Furthermore, many current studies represent the deep structure of a traffic flow by defining various adjacency matrices to capture hidden dynamic spatial features [14]. For instance, the MTGNN [15] employs GCNs, 1D CNNs, and adaptive adjacency matrices to learn hidden spatial features. The STSGCN [16] combines multiple adjacency matrices and employs an embedded structure for traffic flow prediction purposes. An adaptive adjacency matrix can explore the hidden relationships among road network nodes to improve the ability of the utilized model to learn about the spatial heterogeneity of traffic flows; however, with the cessation of the model training process, the adaptive adjacency matrix cannot learn the dynamic associations among graph nodes over time, which leads to the inability of the model to make full use of historical traffic flow information [17]. Therefore, the above methods still cannot fully and effectively capture the hidden spatial features of traffic flows.

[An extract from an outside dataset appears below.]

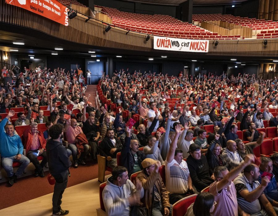 Plus de 900 maçons du canton de Vaud ont fait le point sur les négociations en vue d’améliorer leurs conditions de travail. Face aux attaques patronales, ils ont voté en faveur de deux jours de grève, comme leurs homologues à Genève et à Neuchâtel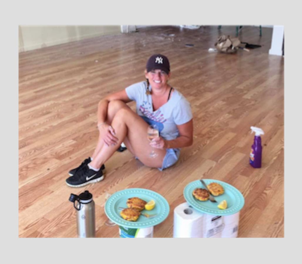 "It was during a memorable moment for me. I had been painting all day and he brought me salmon cakes and wine so we could cheer my first official day I got the key. We literally ate it on the floor using a roll of paper towels as a table," she said, laughing.

To address the above research challenges, a traffic flow prediction model based on an interactive dynamic spatial–temporal graph convolution probabilistic sparse attention mechanism (IDG-PSAtt) is proposed; this model adequately extracts dynamic spatial–temporal features from traffic flow time series. A dynamic GCN (DGCN) that can fully utilize a priori knowledge to generate dynamic graphs for capturing the hidden spatial features of traffic flows is adapted. The DGCN is embedded into an interactive learning structure to form an interactive dynamic GCN (IL-DGCN), which analyses the periodicity of the traffic flows, divides the sequences into intervals, and then captures their deep dynamic spatial–temporal features through interactive learning among the divided subsequences. The IDG-PSAtt model combines multiple IL-DGCN modules through an interactive learning strategy to fully extract the dynamic spatial–temporal features of traffic flows. In addition, an adaptive adjacency matrix and a dynamic adjacency matrix are used to further explore the dynamic associations between nodes over time. Finally, IDG-PSAtt captures the complex temporal dependence at the same location and the dynamic spatial correlations among traffic flows at neighboring locations at the same time step via a spatial–temporal convolution (ST-Conv) block; it also employs a probabilistic sparse self-attention (ProbSSAtt) mechanism to incorporate dynamic spatial–temporal features and reduce the computational complexity of the model.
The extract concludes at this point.